* **INPUT**:
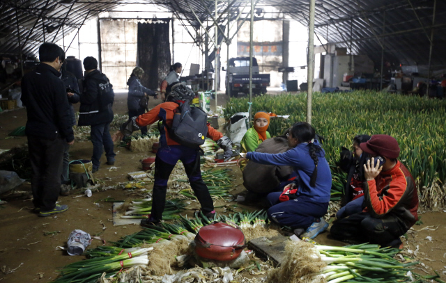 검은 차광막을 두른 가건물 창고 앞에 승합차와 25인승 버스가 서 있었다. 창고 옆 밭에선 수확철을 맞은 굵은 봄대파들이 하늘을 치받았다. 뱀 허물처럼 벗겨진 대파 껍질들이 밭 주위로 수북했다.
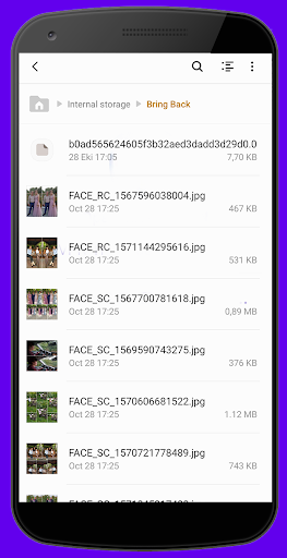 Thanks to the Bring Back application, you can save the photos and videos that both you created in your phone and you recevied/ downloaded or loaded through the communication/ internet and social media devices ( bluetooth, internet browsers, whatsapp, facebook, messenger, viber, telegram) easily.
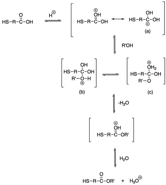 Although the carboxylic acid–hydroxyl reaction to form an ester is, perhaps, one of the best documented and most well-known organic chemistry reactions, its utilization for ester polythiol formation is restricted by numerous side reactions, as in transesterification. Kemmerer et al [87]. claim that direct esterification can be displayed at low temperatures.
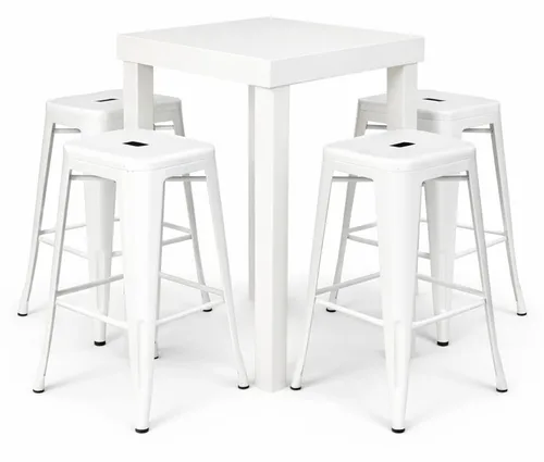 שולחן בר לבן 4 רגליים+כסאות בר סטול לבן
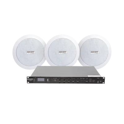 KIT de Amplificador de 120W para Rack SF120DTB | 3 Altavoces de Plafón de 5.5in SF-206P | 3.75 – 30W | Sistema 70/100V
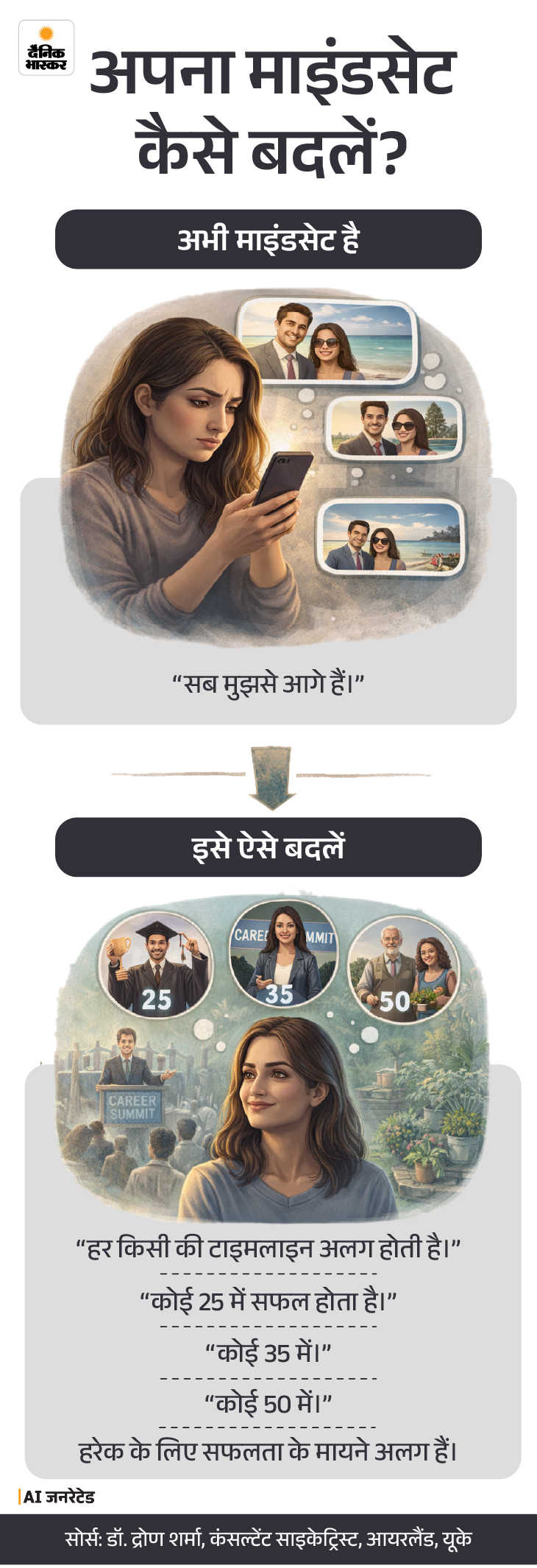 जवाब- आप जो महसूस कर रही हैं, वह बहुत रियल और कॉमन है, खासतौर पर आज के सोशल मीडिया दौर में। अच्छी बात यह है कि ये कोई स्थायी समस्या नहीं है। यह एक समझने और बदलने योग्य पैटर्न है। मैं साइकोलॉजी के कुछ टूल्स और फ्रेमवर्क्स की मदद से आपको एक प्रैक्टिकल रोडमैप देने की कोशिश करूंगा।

* **ABOUT THIS TASK**: Give an exact copy of the line containing "KIT de Amplificador" and every line after it through the end of the entries. Pictures are to be dropped.

* **EXERCISE RESPONSE**:
 KIT de Amplificador de 120W para Rack SF120DTB | 3 Altavoces de Plafón de 5.5in SF-206P | 3.75 – 30W | Sistema 70/100V
 जवाब- आप जो महसूस कर रही हैं, वह बहुत रियल और कॉमन है, खासतौर पर आज के सोशल मीडिया दौर में। अच्छी बात यह है कि ये कोई स्थायी समस्या नहीं है। यह एक समझने और बदलने योग्य पैटर्न है। मैं साइकोलॉजी के कुछ टूल्स और फ्रेमवर्क्स की मदद से आपको एक प्रैक्टिकल रोडमैप देने की कोशिश करूंगा।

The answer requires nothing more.